Copy exactly the stretch of lines from the one holding "BRASILIA unindo dois" through the last line of the data below, inclusive. Leave out pictures.

........

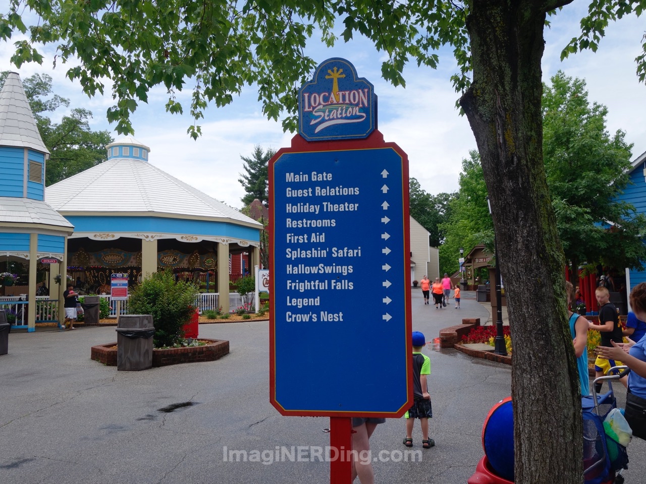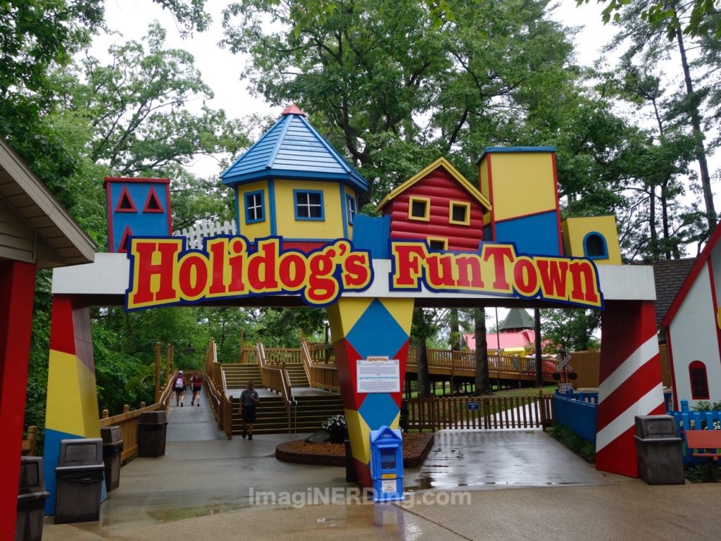 My visit was on a very rainy Saturday (who can predict the weather three months out) but Holiday World only closes during very bad weather or prolonged thunder storms. I knew it would be a different day, but I wasn’t sure what to expect, anyway! So, my photos do have some cloudy skies and wet pavement.
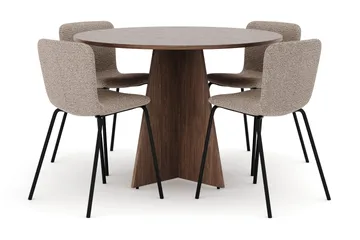 Bootcut Runt Litet Matbord Valnöt 110 cm med 4 Katy Matstolar
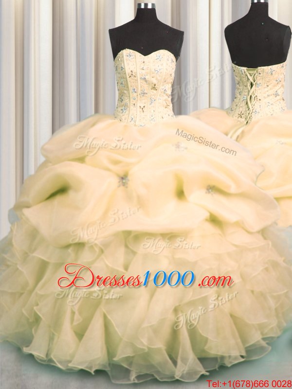 Pick Ups Visible Boning Ball Gowns Sweet 16 Dress Peach Sweetheart Organza Sleeveless Floor Length Lace Up
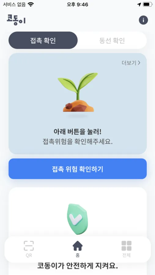 안심이의 메인화면의 ‘접촉 위험 확인하기’버튼을 사용하여 접촉 위험 유무를 확인하세요. 사용자 휴대폰에 저장된 방문장소와 확진자의 방문장소를 비교해, 확진자와 접촉 위험 유무를 판단해 줍니다.
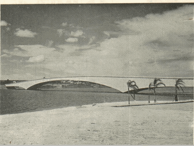 BRASILIA unindo dois continentes de terra firme uma p o n t e de invenção de concreto mas não concreta sobre entre as mar gens estranha via gem sensação de ir realidade instante de estupe fação in tangível a-parentado
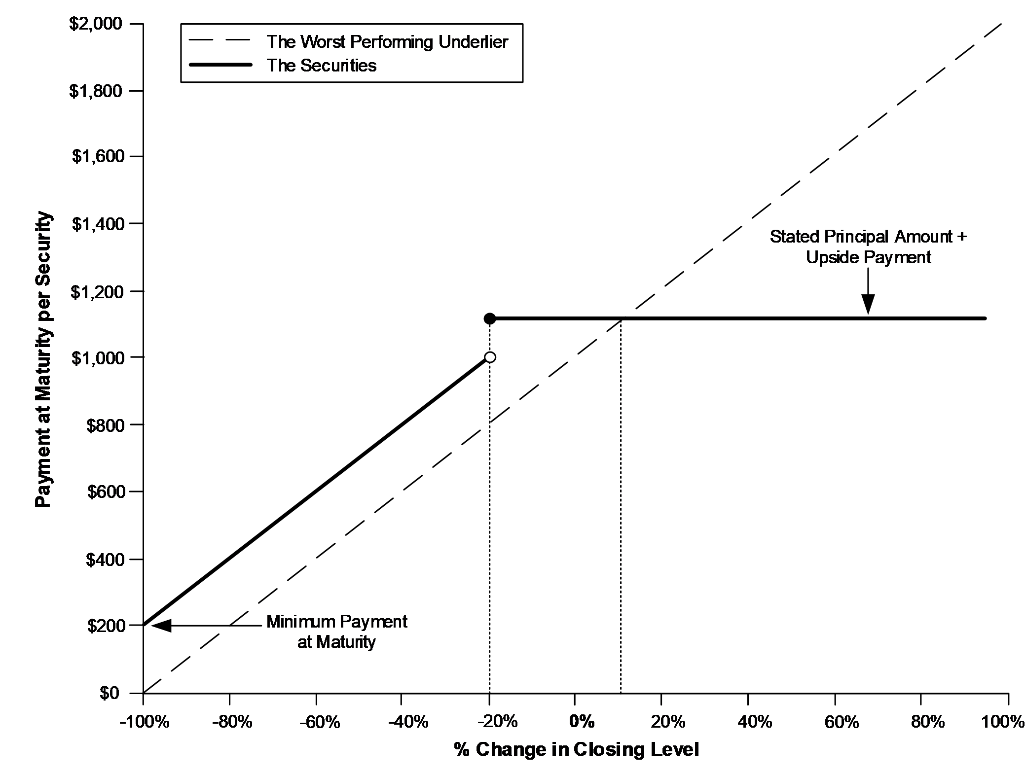 •If the final level of each underlier is greater than or equal to its buffer level: stated principal amount + upside payment •If the final level of any underlier is less than its buffer level: stated principal amount × (performance factor of the worst performing underlier + buffer amount) Under these circumstances, the payment at maturity will be less, and may be significantly less, than the stated principal amount, subject to the minimum payment at maturity. |
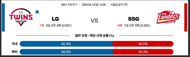 04월12일 LG:SSG KBO 분석 및 예측 스포츠중계:스포츠무료중계
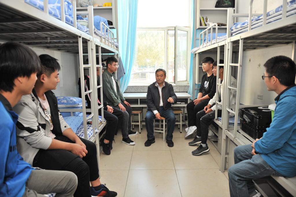 为贯彻落实“不忘初心、牢记使命”主题教育工作精神,继续做好“关爱中成长”主题教育活动,2019年9月16日上午,校党委书记徐克明教授深入第三学生公寓107寝室走访。

........

• Output below:
 BRASILIA unindo dois continentes de terra firme uma p o n t e de invenção de concreto mas não concreta sobre entre as mar gens estranha via gem sensação de ir realidade instante de estupe fação in tangível a-parentado
 •If the final level of each underlier is greater than or equal to its buffer level: stated principal amount + upside payment •If the final level of any underlier is less than its buffer level: stated principal amount × (performance factor of the worst performing underlier + buffer amount) Under these circumstances, the payment at maturity will be less, and may be significantly less, than the stated principal amount, subject to the minimum payment at maturity. |
 04월12일 LG:SSG KBO 분석 및 예측 스포츠중계:스포츠무료중계
 为贯彻落实“不忘初心、牢记使命”主题教育工作精神,继续做好“关爱中成长”主题教育活动,2019年9月16日上午,校党委书记徐克明教授深入第三学生公寓107寝室走访。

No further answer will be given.